### Supplied entries
....................

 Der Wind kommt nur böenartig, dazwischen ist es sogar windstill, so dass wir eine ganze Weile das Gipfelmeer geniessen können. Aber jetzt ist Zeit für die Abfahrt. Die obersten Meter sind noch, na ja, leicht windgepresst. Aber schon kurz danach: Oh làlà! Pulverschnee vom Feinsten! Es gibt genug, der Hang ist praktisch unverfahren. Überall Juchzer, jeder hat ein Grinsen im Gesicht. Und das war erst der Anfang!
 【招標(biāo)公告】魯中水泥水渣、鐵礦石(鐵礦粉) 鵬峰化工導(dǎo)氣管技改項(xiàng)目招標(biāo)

....................

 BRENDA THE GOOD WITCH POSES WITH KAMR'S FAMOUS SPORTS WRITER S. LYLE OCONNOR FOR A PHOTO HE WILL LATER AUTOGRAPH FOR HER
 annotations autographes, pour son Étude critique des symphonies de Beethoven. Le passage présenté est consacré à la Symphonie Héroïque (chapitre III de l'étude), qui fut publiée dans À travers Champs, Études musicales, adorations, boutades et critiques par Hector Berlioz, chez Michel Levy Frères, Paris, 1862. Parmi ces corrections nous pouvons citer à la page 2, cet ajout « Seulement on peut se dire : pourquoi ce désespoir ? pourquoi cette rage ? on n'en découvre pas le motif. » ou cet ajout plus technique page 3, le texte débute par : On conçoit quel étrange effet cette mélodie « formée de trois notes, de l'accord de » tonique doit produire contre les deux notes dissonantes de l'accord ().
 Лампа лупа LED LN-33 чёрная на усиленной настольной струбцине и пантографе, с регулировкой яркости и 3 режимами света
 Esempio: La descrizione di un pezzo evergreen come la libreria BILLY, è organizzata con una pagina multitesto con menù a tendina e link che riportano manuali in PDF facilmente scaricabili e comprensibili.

....................

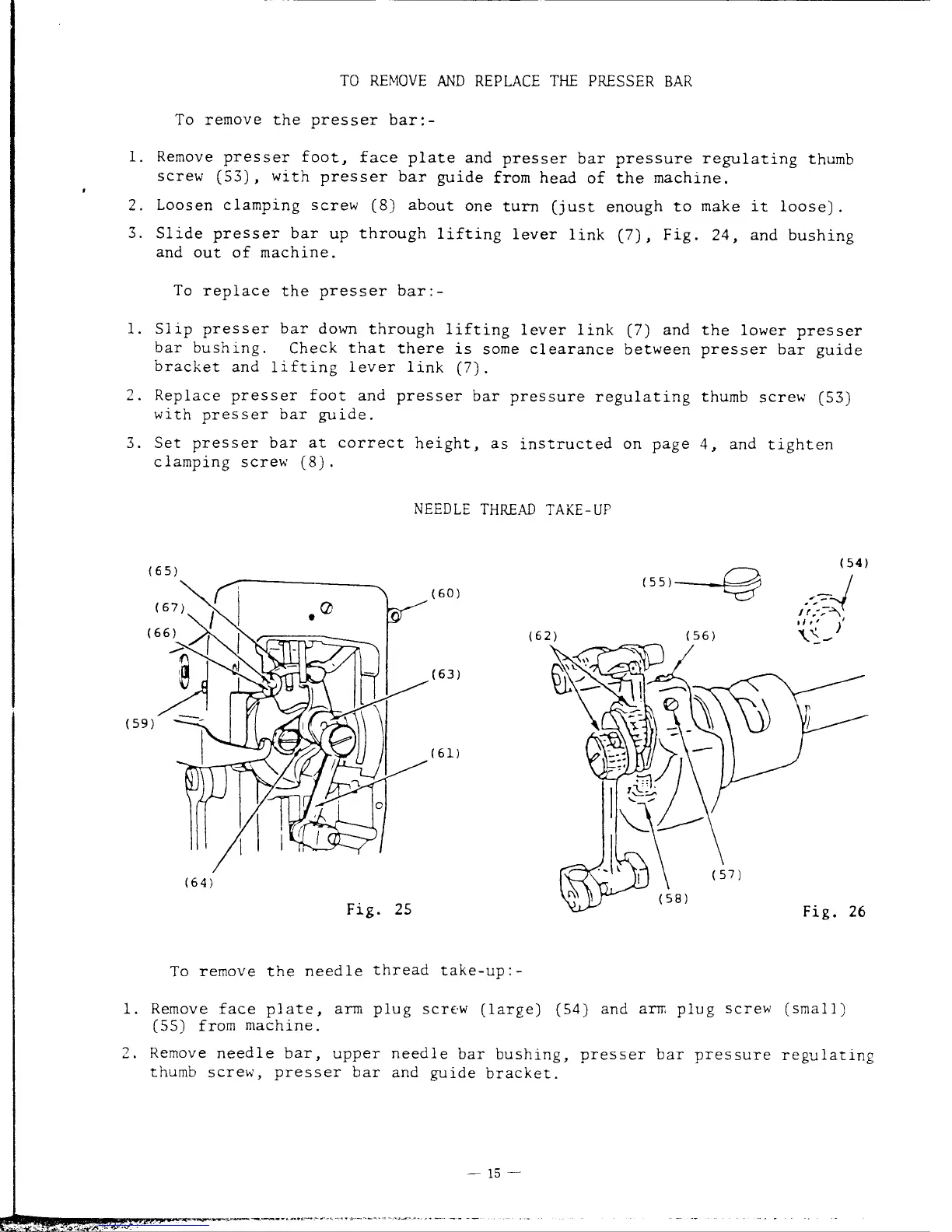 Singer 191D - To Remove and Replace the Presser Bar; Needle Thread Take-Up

....................

### Task to complete
Using the data above, reproduce exactly the lines between those holding "Лампа лупа LED" and "Esempio: La descrizione", inclusive, and no others.

### Answer space
 Лампа лупа LED LN-33 чёрная на усиленной настольной струбцине и пантографе, с регулировкой яркости и 3 режимами света
 Esempio: La descrizione di un pezzo evergreen come la libreria BILLY, è organizzata con una pagina multitesto con menù a tendina e link che riportano manuali in PDF facilmente scaricabili e comprensibili.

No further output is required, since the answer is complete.